*** Block opens ***
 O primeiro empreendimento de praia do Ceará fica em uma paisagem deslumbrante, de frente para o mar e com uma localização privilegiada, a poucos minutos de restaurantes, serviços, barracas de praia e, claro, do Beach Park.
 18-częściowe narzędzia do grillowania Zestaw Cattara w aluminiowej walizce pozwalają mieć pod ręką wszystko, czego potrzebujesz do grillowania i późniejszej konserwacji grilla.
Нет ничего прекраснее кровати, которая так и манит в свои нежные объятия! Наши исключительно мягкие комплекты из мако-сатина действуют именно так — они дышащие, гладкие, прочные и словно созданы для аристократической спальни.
*** Block closes ***
*** Block opens ***
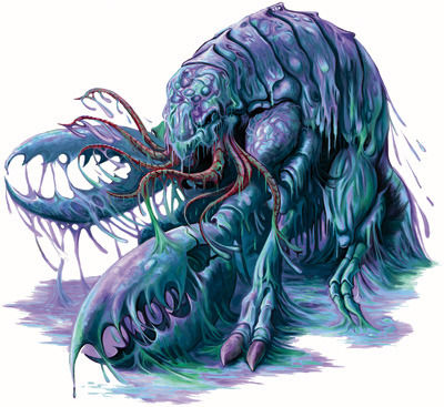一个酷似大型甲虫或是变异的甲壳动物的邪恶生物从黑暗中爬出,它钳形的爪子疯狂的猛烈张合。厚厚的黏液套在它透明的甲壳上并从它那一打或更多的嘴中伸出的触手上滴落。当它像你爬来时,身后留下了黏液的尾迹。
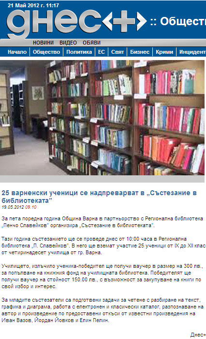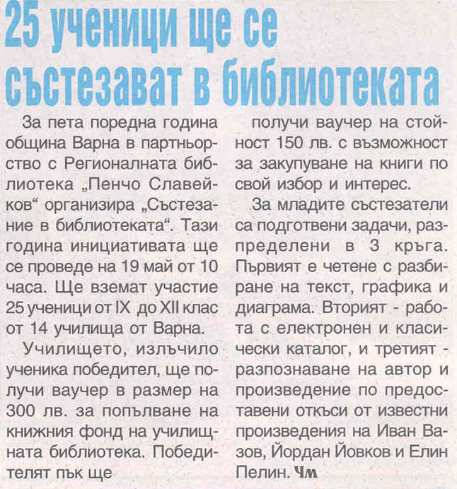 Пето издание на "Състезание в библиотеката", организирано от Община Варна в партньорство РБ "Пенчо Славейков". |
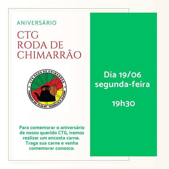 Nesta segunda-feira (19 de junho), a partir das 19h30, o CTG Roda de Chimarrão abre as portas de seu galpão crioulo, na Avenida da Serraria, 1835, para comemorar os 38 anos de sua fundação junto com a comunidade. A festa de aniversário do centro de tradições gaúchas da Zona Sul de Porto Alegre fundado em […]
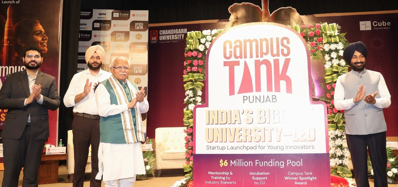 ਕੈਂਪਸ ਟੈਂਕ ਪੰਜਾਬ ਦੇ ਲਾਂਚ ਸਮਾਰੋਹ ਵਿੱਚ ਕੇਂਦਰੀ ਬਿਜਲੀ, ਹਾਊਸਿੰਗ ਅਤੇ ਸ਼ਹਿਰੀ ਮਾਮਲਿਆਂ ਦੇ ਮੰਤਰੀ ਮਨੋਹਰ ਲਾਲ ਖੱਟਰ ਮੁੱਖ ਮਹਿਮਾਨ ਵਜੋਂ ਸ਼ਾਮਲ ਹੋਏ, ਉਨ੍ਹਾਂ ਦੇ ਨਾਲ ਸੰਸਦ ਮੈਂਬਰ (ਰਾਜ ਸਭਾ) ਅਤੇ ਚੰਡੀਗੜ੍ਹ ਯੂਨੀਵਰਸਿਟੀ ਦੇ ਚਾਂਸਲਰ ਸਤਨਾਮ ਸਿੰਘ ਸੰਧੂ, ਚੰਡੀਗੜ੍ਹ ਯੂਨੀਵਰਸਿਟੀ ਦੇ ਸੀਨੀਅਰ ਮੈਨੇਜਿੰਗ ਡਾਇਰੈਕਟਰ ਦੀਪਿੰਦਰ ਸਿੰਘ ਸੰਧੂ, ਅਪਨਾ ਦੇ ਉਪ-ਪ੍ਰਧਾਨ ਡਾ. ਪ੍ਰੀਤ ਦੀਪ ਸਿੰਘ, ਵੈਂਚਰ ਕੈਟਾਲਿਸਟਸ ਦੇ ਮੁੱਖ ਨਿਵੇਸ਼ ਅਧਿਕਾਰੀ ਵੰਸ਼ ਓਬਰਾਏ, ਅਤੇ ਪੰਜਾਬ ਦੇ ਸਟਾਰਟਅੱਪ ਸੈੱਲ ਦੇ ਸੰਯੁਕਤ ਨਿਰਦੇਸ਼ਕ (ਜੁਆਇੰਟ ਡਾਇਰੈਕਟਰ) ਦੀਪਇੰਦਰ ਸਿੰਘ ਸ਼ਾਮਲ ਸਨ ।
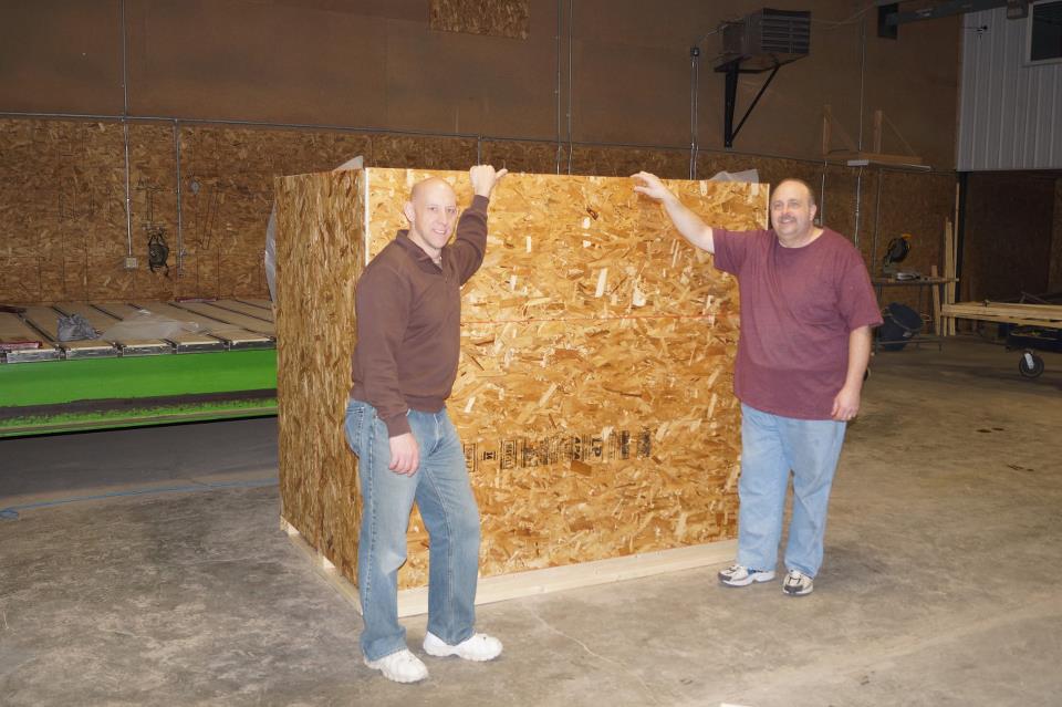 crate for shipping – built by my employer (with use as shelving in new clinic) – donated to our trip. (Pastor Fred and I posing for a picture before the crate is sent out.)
*** Block closes ***
Using the data above, transcribe exactly the lines between those containing "ਕੈਂਪਸ ਟੈਂਕ ਪੰਜਾਬ" and "crate for shipping", inclusive, and leave every picture behind.

 ਕੈਂਪਸ ਟੈਂਕ ਪੰਜਾਬ ਦੇ ਲਾਂਚ ਸਮਾਰੋਹ ਵਿੱਚ ਕੇਂਦਰੀ ਬਿਜਲੀ, ਹਾਊਸਿੰਗ ਅਤੇ ਸ਼ਹਿਰੀ ਮਾਮਲਿਆਂ ਦੇ ਮੰਤਰੀ ਮਨੋਹਰ ਲਾਲ ਖੱਟਰ ਮੁੱਖ ਮਹਿਮਾਨ ਵਜੋਂ ਸ਼ਾਮਲ ਹੋਏ, ਉਨ੍ਹਾਂ ਦੇ ਨਾਲ ਸੰਸਦ ਮੈਂਬਰ (ਰਾਜ ਸਭਾ) ਅਤੇ ਚੰਡੀਗੜ੍ਹ ਯੂਨੀਵਰਸਿਟੀ ਦੇ ਚਾਂਸਲਰ ਸਤਨਾਮ ਸਿੰਘ ਸੰਧੂ, ਚੰਡੀਗੜ੍ਹ ਯੂਨੀਵਰਸਿਟੀ ਦੇ ਸੀਨੀਅਰ ਮੈਨੇਜਿੰਗ ਡਾਇਰੈਕਟਰ ਦੀਪਿੰਦਰ ਸਿੰਘ ਸੰਧੂ, ਅਪਨਾ ਦੇ ਉਪ-ਪ੍ਰਧਾਨ ਡਾ. ਪ੍ਰੀਤ ਦੀਪ ਸਿੰਘ, ਵੈਂਚਰ ਕੈਟਾਲਿਸਟਸ ਦੇ ਮੁੱਖ ਨਿਵੇਸ਼ ਅਧਿਕਾਰੀ ਵੰਸ਼ ਓਬਰਾਏ, ਅਤੇ ਪੰਜਾਬ ਦੇ ਸਟਾਰਟਅੱਪ ਸੈੱਲ ਦੇ ਸੰਯੁਕਤ ਨਿਰਦੇਸ਼ਕ (ਜੁਆਇੰਟ ਡਾਇਰੈਕਟਰ) ਦੀਪਇੰਦਰ ਸਿੰਘ ਸ਼ਾਮਲ ਸਨ ।
 crate for shipping – built by my employer (with use as shelving in new clinic) – donated to our trip. (Pastor Fred and I posing for a picture before the crate is sent out.)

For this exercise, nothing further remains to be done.